Data section.

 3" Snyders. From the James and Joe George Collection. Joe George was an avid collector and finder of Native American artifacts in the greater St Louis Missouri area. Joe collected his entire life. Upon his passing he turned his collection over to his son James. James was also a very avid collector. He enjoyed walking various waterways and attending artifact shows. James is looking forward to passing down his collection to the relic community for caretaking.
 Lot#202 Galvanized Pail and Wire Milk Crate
==
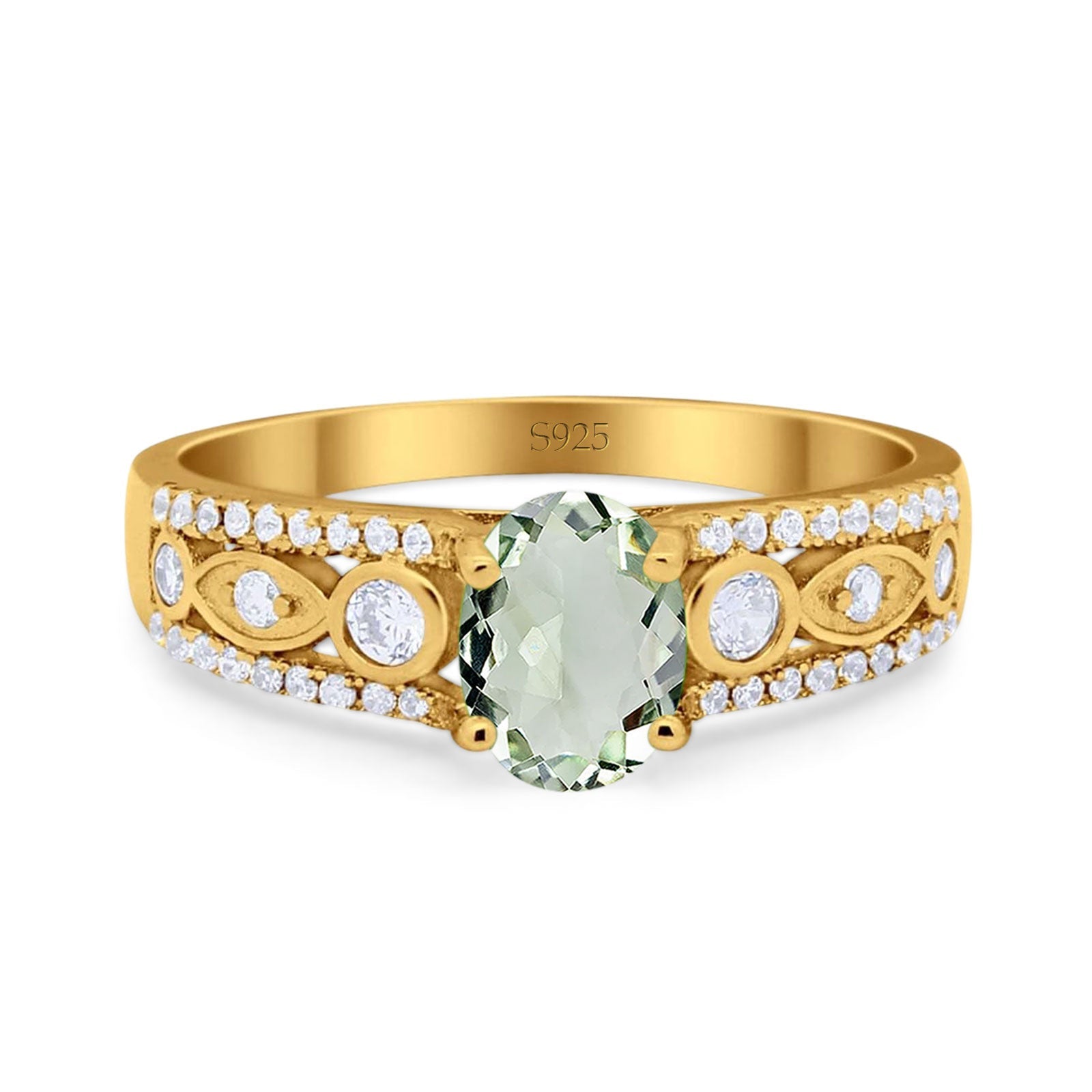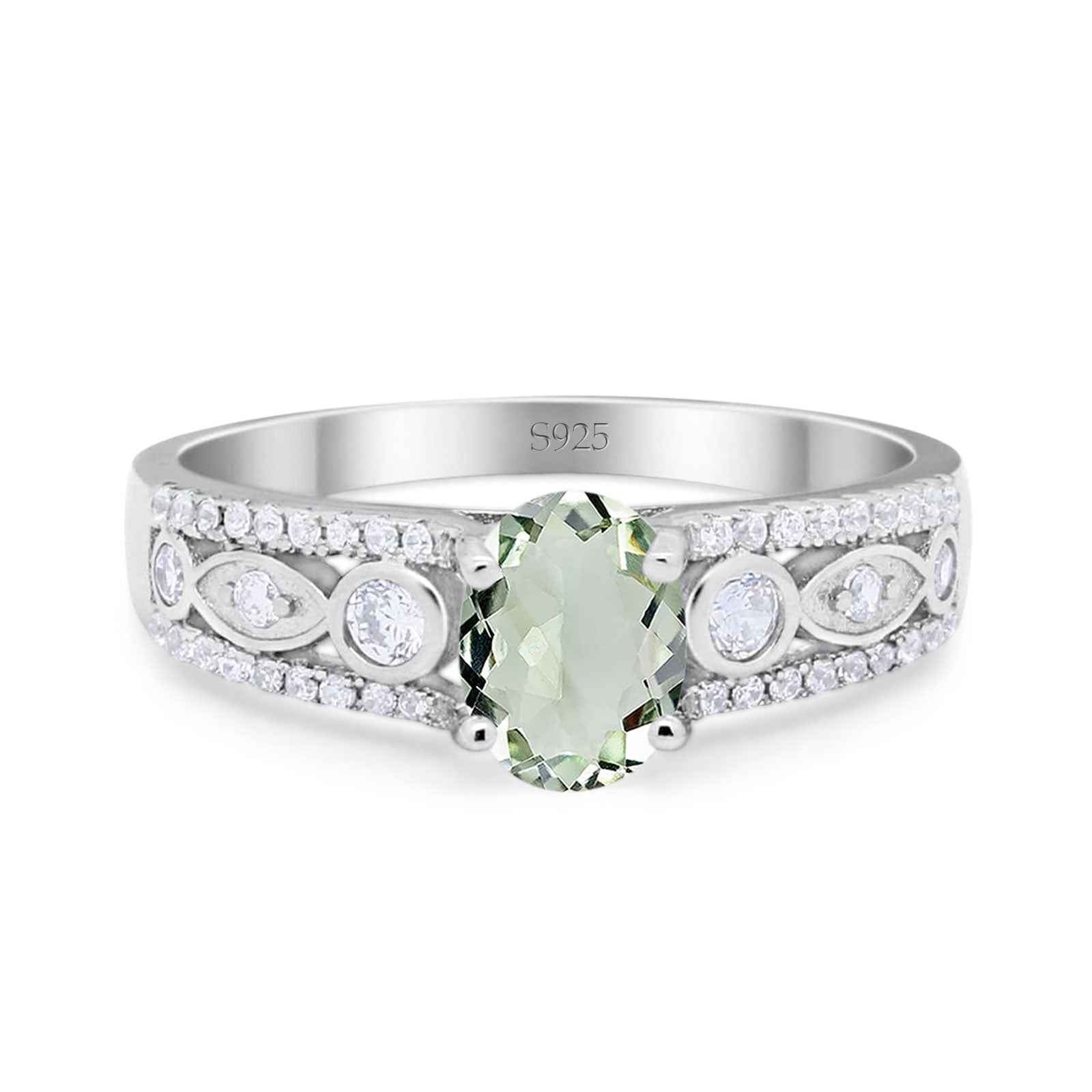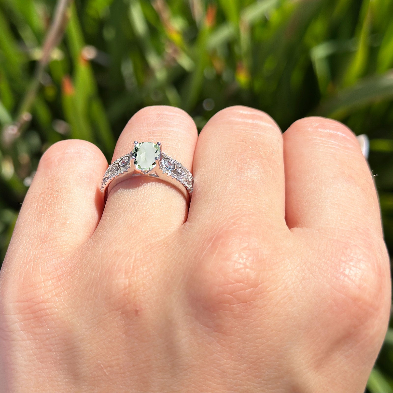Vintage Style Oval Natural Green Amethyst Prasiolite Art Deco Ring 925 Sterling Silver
---
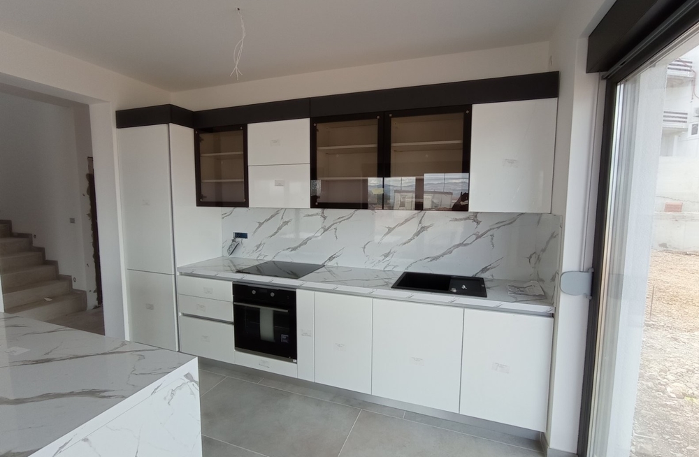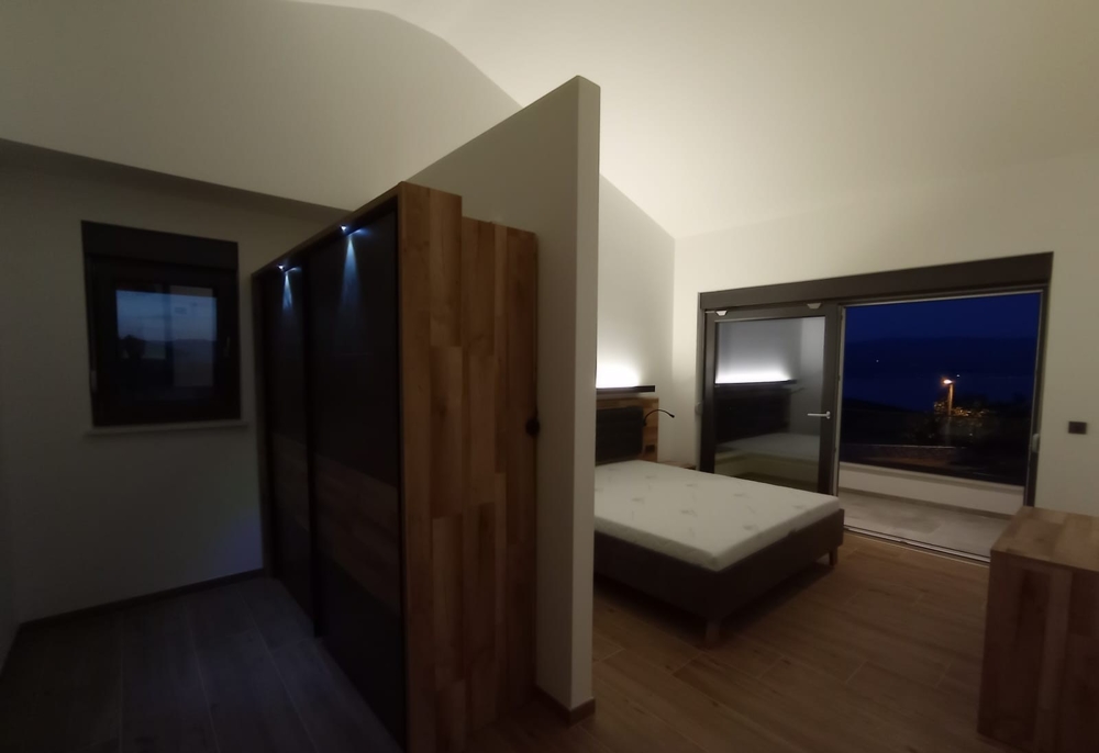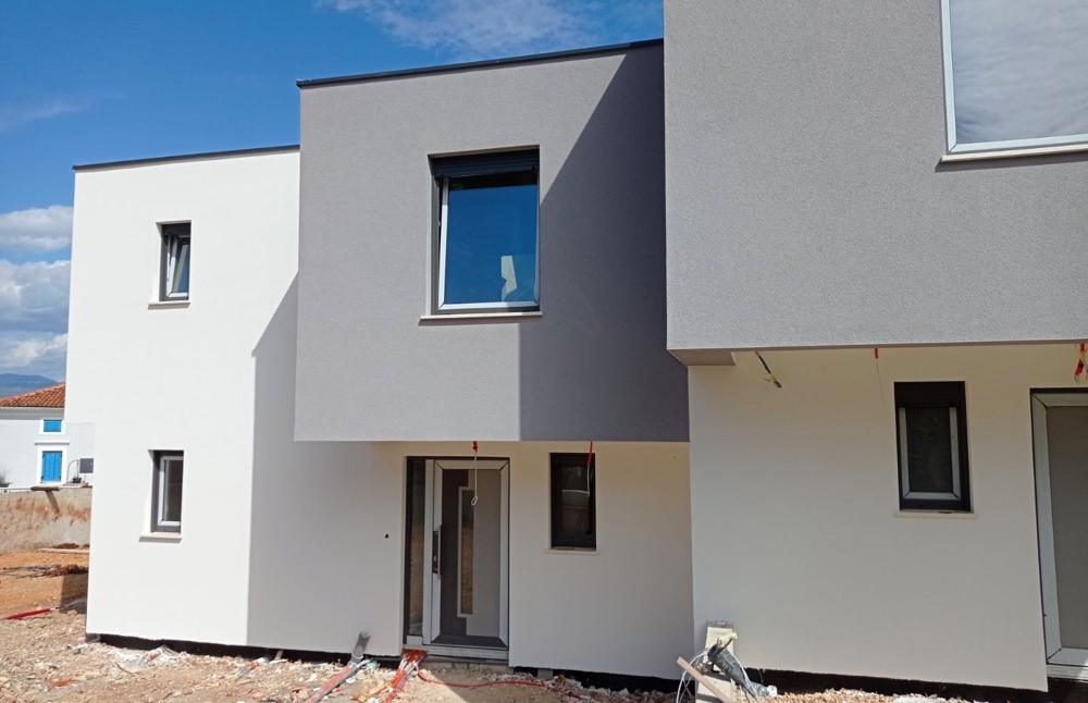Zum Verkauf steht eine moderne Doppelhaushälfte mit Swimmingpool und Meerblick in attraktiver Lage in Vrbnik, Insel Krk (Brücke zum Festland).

Task description.
A verbatim transcription is needed of the lines above, starting at the line with "community for caretaking." and ending at the line with "Lot#202 Galvanized Pail and Wire Milk Crate", both included, and of nothing else.

The completed task.
 3" Snyders. From the James and Joe George Collection. Joe George was an avid collector and finder of Native American artifacts in the greater St Louis Missouri area. Joe collected his entire life. Upon his passing he turned his collection over to his son James. James was also a very avid collector. He enjoyed walking various waterways and attending artifact shows. James is looking forward to passing down his collection to the relic community for caretaking.
 Lot#202 Galvanized Pail and Wire Milk Crate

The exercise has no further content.